"Rutger Hauer" has shared with us an email he's just received from Pandora, the streaming music service based on the Music Genome Project. It's been entertaining listeners with a choice of music that reflects their tastes. Up until now, at least:
Based upon the IP address from which you recently visited Pandora, it appears that you are listening from the UK. If you are, in fact, listening from the US, and are denied access from Pandora on or after January 15th please contact Pandora Support: firstname.lastname@example.org.
It continues to astound me and the rest of the team here that the industry is not working more constructively to support the growth of services that introduce listeners to new music and that are totally supportive of paying fair royalties to the creators of music. I don't often say such things, but the course being charted by the labels and publishers and their representative organizations is nothing short of disastrous for artists whom they purport to represent - and by that I mean both well known and indie artists. The only consequence of failing to support companies like Pandora that are attempting to build a sustainable radio business for the future will be the continued explosion of piracy, the continued constriction of opportunities for working musicians, and a worsening drought of new music for fans. As a former working musician myself, I find it very troubling.

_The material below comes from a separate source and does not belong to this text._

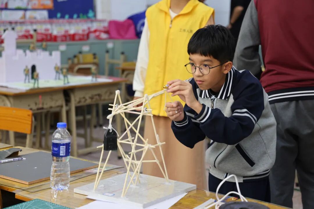 活动现场,同学们热情高涨,他们巧妙地将贴近生活的材料与所掌握的技能运用于自己设计的参赛作品中,高水准地完成各项比赛项目,赢得阵阵欢呼声。“平时我特别喜爱动手制作一些玩具,这次和小伙伴参加市级比赛很开心,也希望能够获得一个优异的成绩!”一名参赛选手开心地说道。
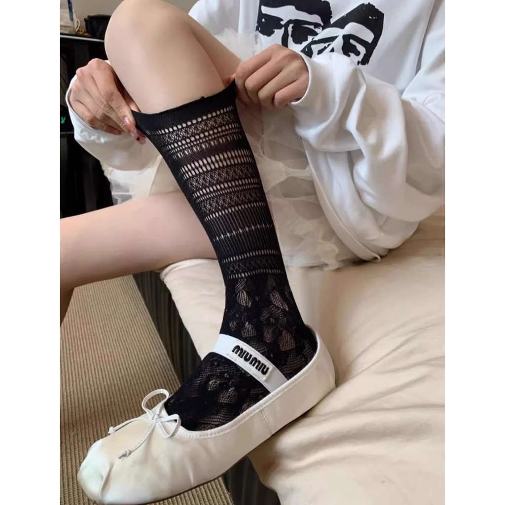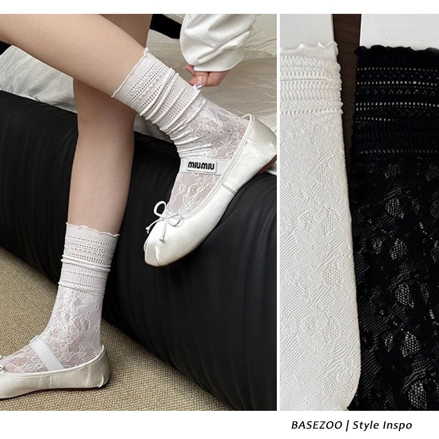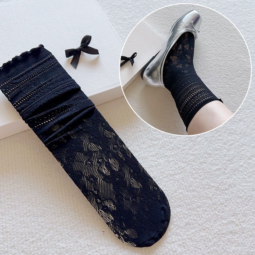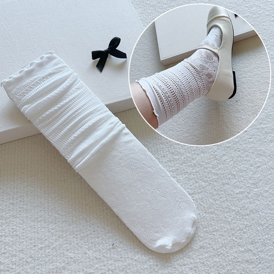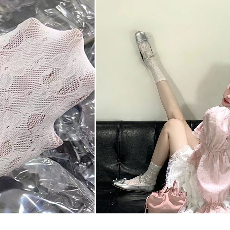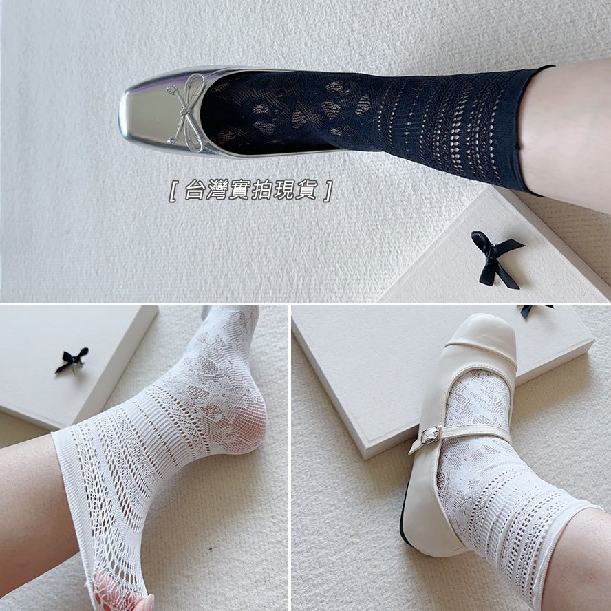 【全館現貨】 超美緹花蕾絲襪 韓系芭蕾風蕾絲堆堆襪 好舒適親膚蕾絲中筒襪 瑪莉珍鞋搭配也好看【881561 2】

We have been told to sign these totally unworkable license rates or switch off, non-negotiable...so that is what we are doing. Streaming illegally is just not in our DNA, and we have to take the threats of legal action seriously. Lest you think this is solely an international problem, you should know that we are also fighting for our survival here in the US, in the face of a crushing increase in web radio royalty rates, which if left unchanged, would mean the end of Pandora.
We know what an epicenter of musical creativity and fan support the UK has always been, which makes the prospect of not being able to launch there and having to block our first listeners all the more upsetting for us.
We know there is a lot of support from listeners and artists in the UK for Pandora and remain hopeful that at some point we'll get beyond this. We're going to keep fighting for a fair and workable rate structure that will allow us to bring Pandora back to you. We'll be sure to let you know if Pandora becomes available in the UK. There may well come a day when we need to make a direct appeal for your support to move for governmental intervention as we have in the US. In the meantime, we have no choice but to turn off service to the UK.
Pandora will stop streaming to the UK as of January 15th, 2008.
Again, on behalf of all of us at Pandora, I'm very, very sorry.
So another innovative service bringing new music to audiences is axed - and not even due to the greed of the labels, but down to the increasingly-inflexible collection agencies. It's difficult to understand why bodies which supposedly are there to represent the interests of musicians is forcing closure of services which are building their audiencess and offering to make fair payments for the music.
The irony, of course, is that by shuttering services which set out to do the right thing and pay what they can, the MCPS/PPL are merely encouraging the emergence of models which sidestep the legal structure altogether.
The labels - slowly, too late - are starting to realise their strategies are failing; it looks like we're going to have to wait an age for the change of mind to filter through to their front organisations.